Modifier-gene models for the evolution of genetic information transmission between generations of organisms exhibit the reduction principle: Selection favors reduction in the rate of variation production in populations near equilibrium under a balance of constant viability selection and variation production. Whereas this outcome has been proven for a variety of genetic models, it has not been proven in general for multiallelic genetic models of mutation, migration, and recombination modification with arbitrary linkage between the modifier and major genes under viability selection. We show that the reduction principle holds for all of these cases by developing a unifying mathematical framework that characterizes all of these evolutionary models.

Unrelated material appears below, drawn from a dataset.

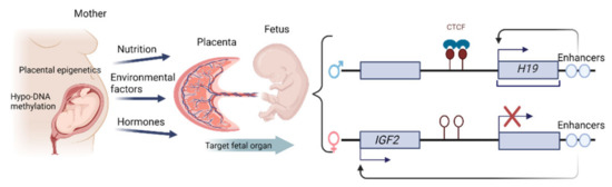 It is becoming increasingly clear that proper epigenetic regulation is a significant mediator of placental development and function, although the specific role of epigenetic factors in the pathogenesis of hypertension-linked placental dysfunction remains incompletely understood. Epigenetic mechanisms support placental functional adaptation by altering environmental conditions. The most robust evidence regarding the impact of epigenetic factors during pregnancy is derived from early studies exploring human embryonic and placental methylomes, revealing that the placenta maintains a globally hypo-methylated DNA profile throughout pregnancy, with such hypo-methylation typically occurring in large domains known as partially methylated domains (PMDs) that cover almost 40% of the placental genome [44]. Epigenetic changes in the placenta may provide an effective mechanism that links environmental stressors to adverse pregnancy outcomes, particularly in the context of fetal malformations. Epigenetic changes have been demonstrated within placental tissues, including altered DNA methylation patterns, changes in the binding activity of DNA-binding proteins (DBPs), imprinted regions in the H19/IGF2 genes, and shifts in the methylation of histones associated with the human growth hormone gene in placental chromatin [45]. In particular, imprinted genes in mammals are unevenly expressed from the two parental alleles. This is the case of the H19/IGF2 locus, which consists of the maternally expressed H19 non-coding RNA and the paternally expressed IGF2. The epigenetic regulation of the H19/IGF2 gene-cluster relies on a shared set of enhancers located downstream of the H19 gene. On the maternal chromosome, H19 gene expression is driven by this set of regulatory enhancers, whereas on the paternal chromosome, the enhancers are used by IGF2 (Figure 4). Further investigations are ongoing to more fully clarify the epigenomic modulation of pregnancy-related pathology, with a particular focus on the epigenetic profiles of placental resident immune cells, which are primarily responsible for the safe onset and progression of pregnancy.

mutation recombination dispersal modifier genes external stability
1L.A., U.L., and M.W.F. contributed equally to this work.
2To whom correspondence should be addressed. Email: firstname.lastname@example.org.
Author contributions: L.A., U.L., and M.W.F. designed research, performed research, analyzed data, and wrote the paper.
Reviewers: R.B., University of Vienna; Y.I., Kyushu University; and H.G.S., University of Otago.
The authors declare no conflict of interest.
This article contains supporting information online at www.pnas.org/lookup/suppl/doi:10.1073/pnas.1619655114/-/DCSupplemental.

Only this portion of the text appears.